:: EXCERPTED DATA ::
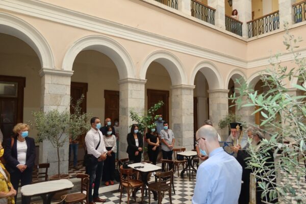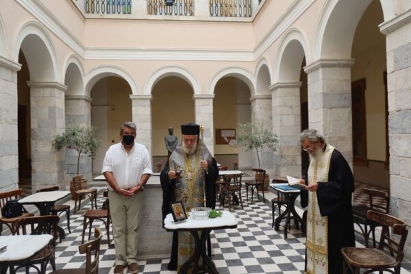 10/09/2020 10/09/2020 Κατόπιν προσκλήσεως του Δικηγορικού Συλλόγου Σύρου και του νέου Προέδρου, του κ. Κωνσταντίνου Φιφλή, ο Σεβασμιώτατος Μητροπολίτης Σύρου κ. Δωρόθεος Β΄ μετέβη την Πέμπτη 10 Σεπτεμβρίου στο εμβληματικό Δημαρχιακό Μέγαρο Ερμουπόλεως, στις αίθουσες του οποίου στεγάζονται οι Δικαστικές Υπηρεσίες, και τέλεσε στο αίθριό του, σύμφωνα με τα ισχύοντα υγειονομικά πρωτόκολλα, τον Αγιασμό για την έναρξη...
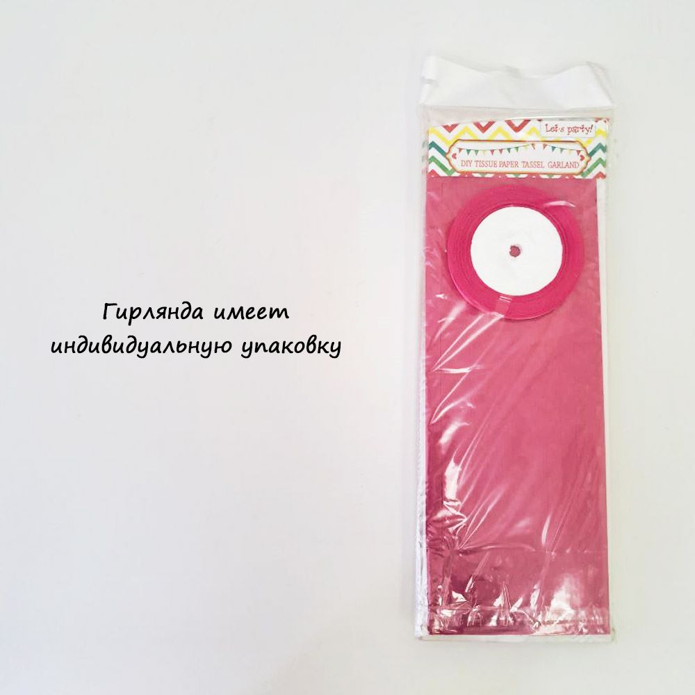 Гирлянда тассел 12 кисточек по 5 листов, малиновый
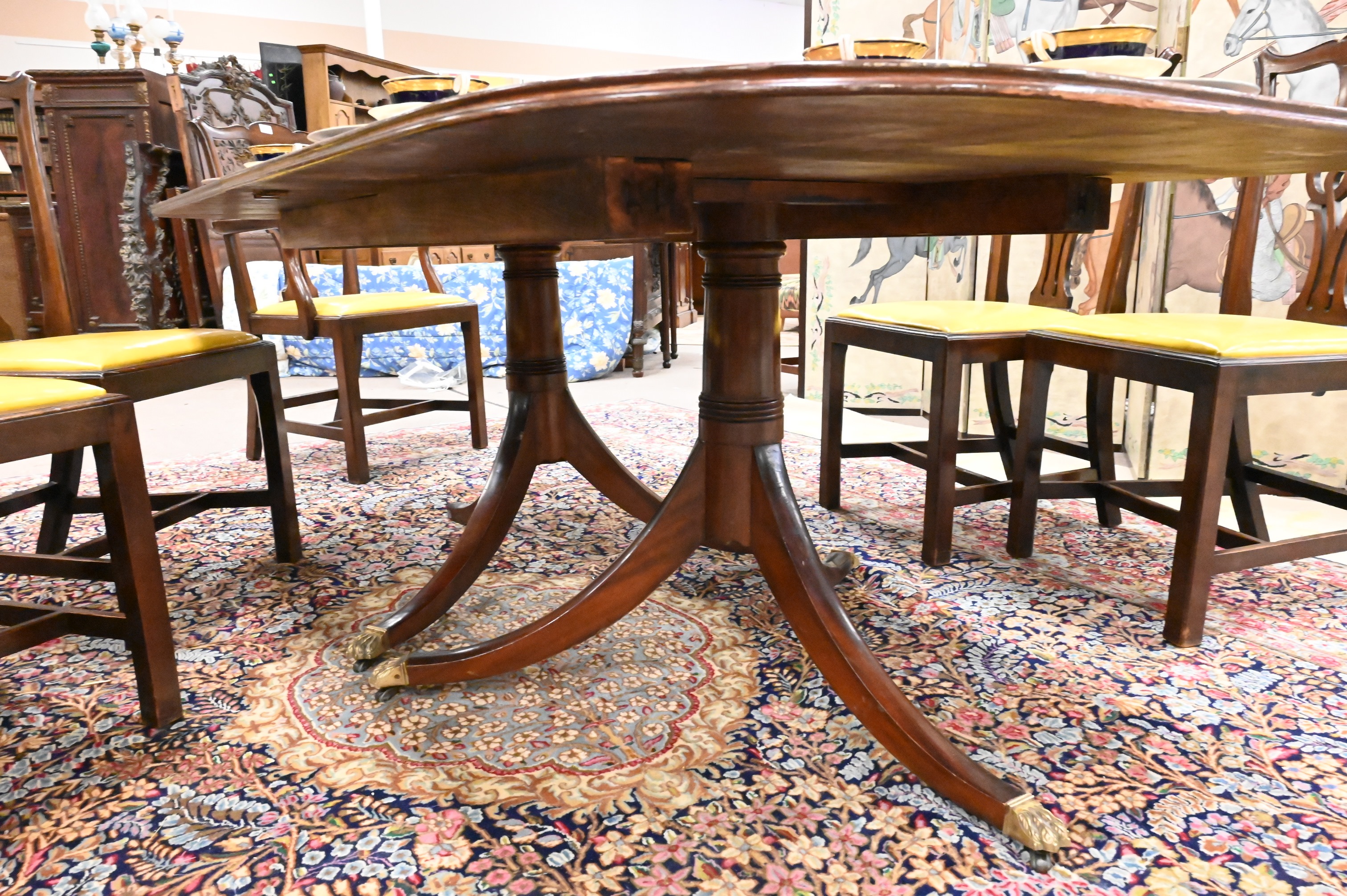 Mahogany Double Pedestal Dining Table, with banded inlaid top and leaves and pads, height 28 inches, top 40″ x 80″, table open 45″ x 128″
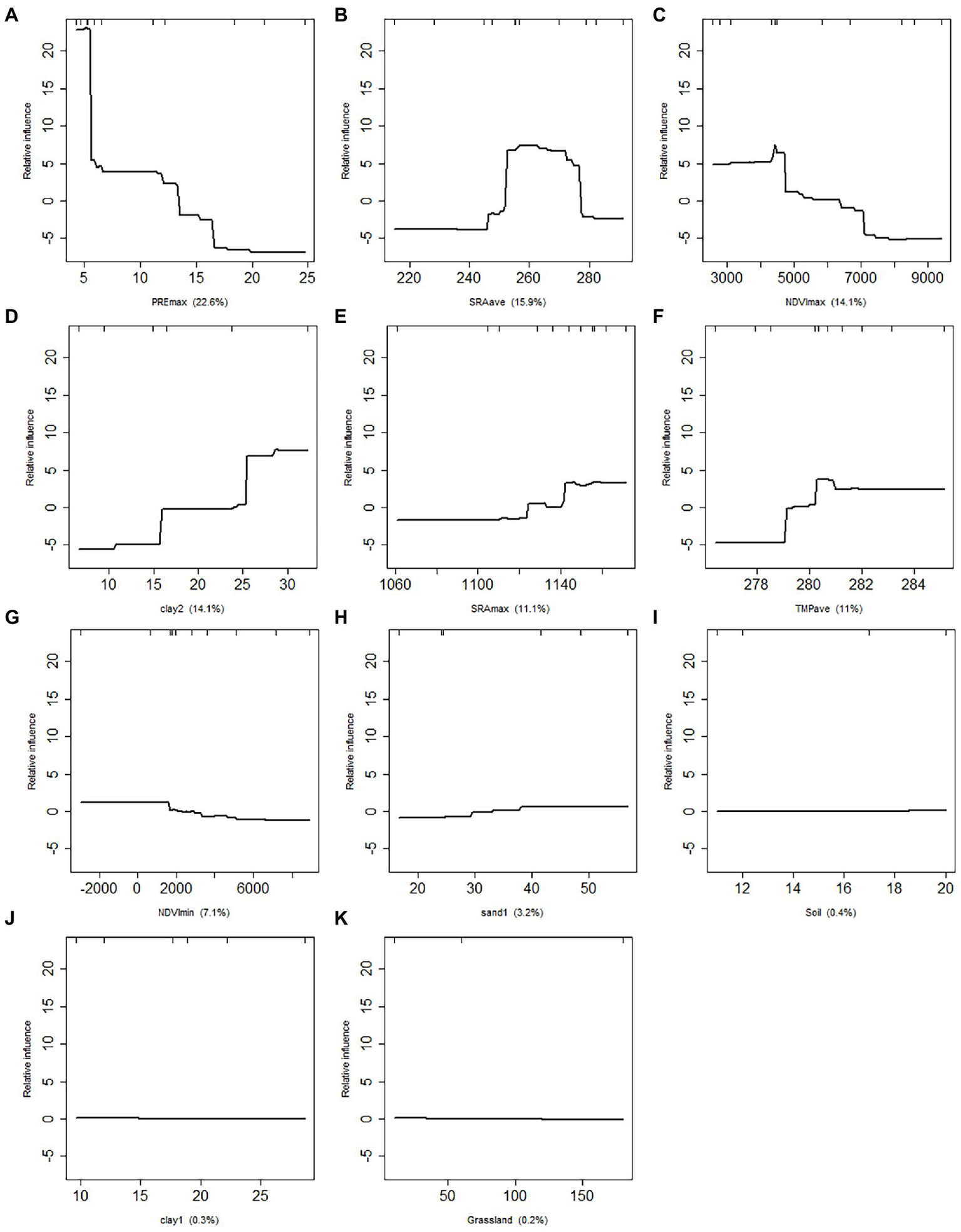 The relative contribution of the environment variables. (A-K) refers to the maximum precipitation (PREmax), average solar radiation (SRAave), maximum NDVI (NDVImax), clay concentration of bottom soil (Clay2), maximum solar radiation (SRAmax), average temperature (TEMave), minimum NDVI (NDVImin), sand con-centration of surface soil (Sand1), soil type (Soil), clay concentration of bottom soil (Clay1), and grassland type (Grassland), respectively. X is the value of each environmental variables.
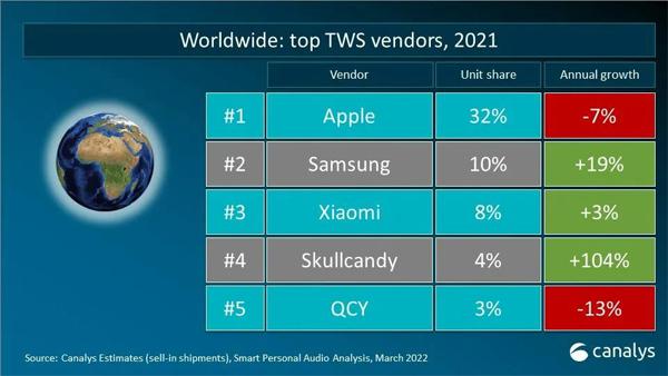2021 年 TWS 耳機全球出貨量達 2.9 億臺,蘋果、三星、小米、Skullcandy、QCY 前五
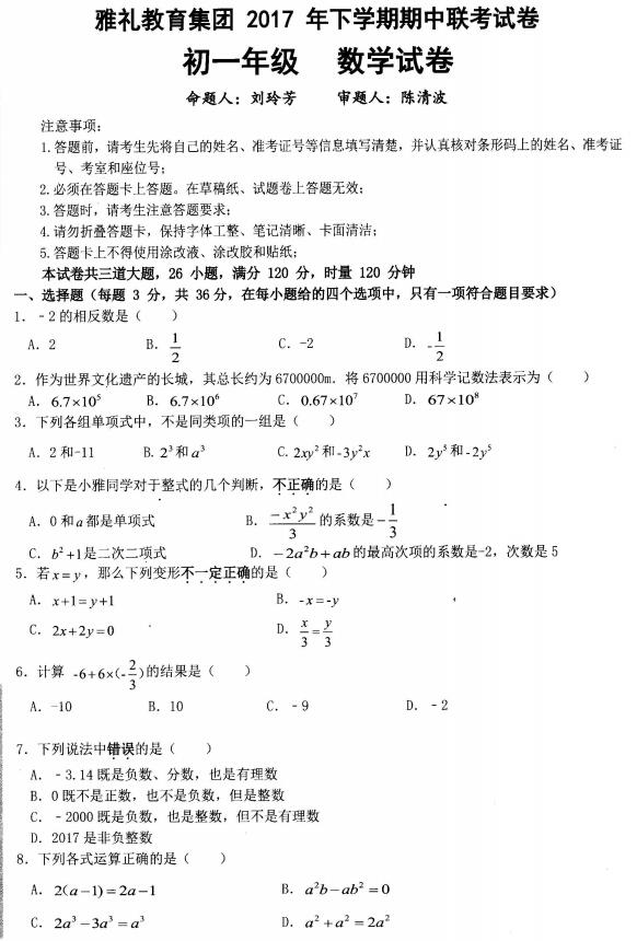 2017年秋长沙雅礼系初一期中联考数学试卷
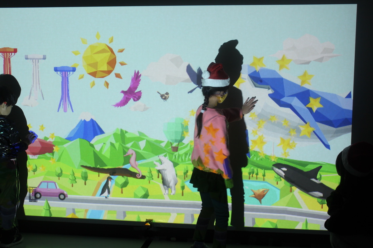 当日は近隣の小学校に通う児童が7名参加してくれました。 今回は3つのプログラムを行いました。デジリハ(デジタルアートと各種センサーを活用したリハビリテーションツール)を活用した運動プログラムと創作活動(お菓子ツリー)、調理活動(カップケーキ)を実施しました。
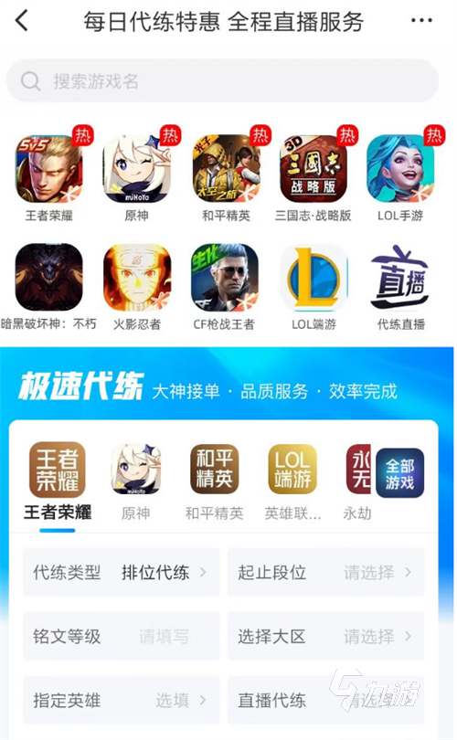 同時(shí)它為了能讓玩家的游戲體驗(yàn)更好,針對一些平時(shí)比較忙,沒有時(shí)間上號的玩家,還帶來了代練功能,自由的去挑選想要的大神,讓他們來幫助自己戰(zhàn)斗,效率高,服務(wù)好,全程直播代肝,進(jìn)度隨時(shí)都能掌控到。
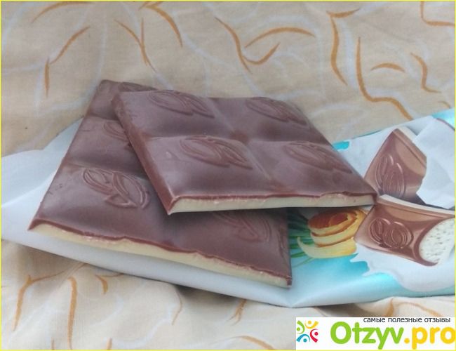 Надо сказать, что данный шоколад не твердый, он более мягкий и из-за этого его трудно ломать на дольки, оба слоя шоколада так и норовят расклеиться друг от друга, если хотите поломать на дольки, то плитку шоколада лучше сначала положить в холодильник или морозильник, чтобы она быстро остыла и стала твердой.
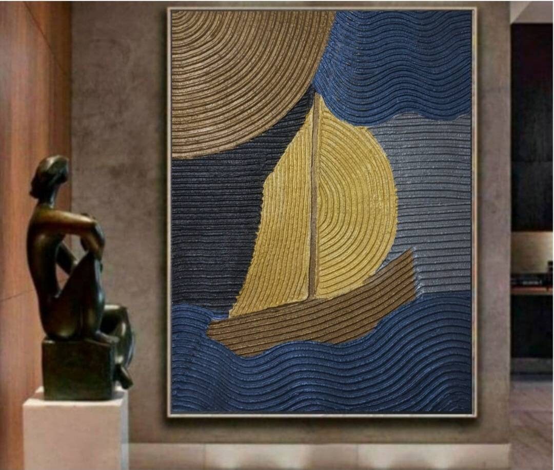 Textured Sailboat Painting, Blue Gold Plaster Art, Modern Coastal Wall Decor
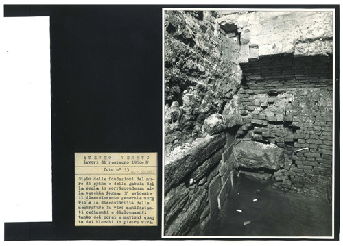 Ateneo Veneto Lavori di restauro 1956-57: foto n° 33: Stato delle fondazioni del muro di spina e della gabbia della scala in corrispondenza alla vecchia fogna. E evidente il dissociamento generale murario e la discontinuità delle membrature in vivo manifestanti cedimenti e dislocamenti tanto dei corsi a mattoni quanto dei blocchi in pietra viva.
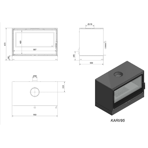 Piec stalowy KARI 95 Ø 180 14 kW kominek w zabudowie
:::
■ **THE PROBLEM**:
Starting at the line that contains "2021 年 TWS 耳機全球出貨量達", return every line through the end of the records above exactly as written, and return no pictures.

■ **TASK OUTPUT**:
2021 年 TWS 耳機全球出貨量達 2.9 億臺,蘋果、三星、小米、Skullcandy、QCY 前五
 2017年秋长沙雅礼系初一期中联考数学试卷
 当日は近隣の小学校に通う児童が7名参加してくれました。 今回は3つのプログラムを行いました。デジリハ(デジタルアートと各種センサーを活用したリハビリテーションツール)を活用した運動プログラムと創作活動(お菓子ツリー)、調理活動(カップケーキ)を実施しました。
 同時(shí)它為了能讓玩家的游戲體驗(yàn)更好,針對一些平時(shí)比較忙,沒有時(shí)間上號的玩家,還帶來了代練功能,自由的去挑選想要的大神,讓他們來幫助自己戰(zhàn)斗,效率高,服務(wù)好,全程直播代肝,進(jìn)度隨時(shí)都能掌控到。
 Надо сказать, что данный шоколад не твердый, он более мягкий и из-за этого его трудно ломать на дольки, оба слоя шоколада так и норовят расклеиться друг от друга, если хотите поломать на дольки, то плитку шоколада лучше сначала положить в холодильник или морозильник, чтобы она быстро остыла и стала твердой.
 Textured Sailboat Painting, Blue Gold Plaster Art, Modern Coastal Wall Decor
 Ateneo Veneto Lavori di restauro 1956-57: foto n° 33: Stato delle fondazioni del muro di spina e della gabbia della scala in corrispondenza alla vecchia fogna. E evidente il dissociamento generale murario e la discontinuità delle membrature in vivo manifestanti cedimenti e dislocamenti tanto dei corsi a mattoni quanto dei blocchi in pietra viva.
 Piec stalowy KARI 95 Ø 180 14 kW kominek w zabudowie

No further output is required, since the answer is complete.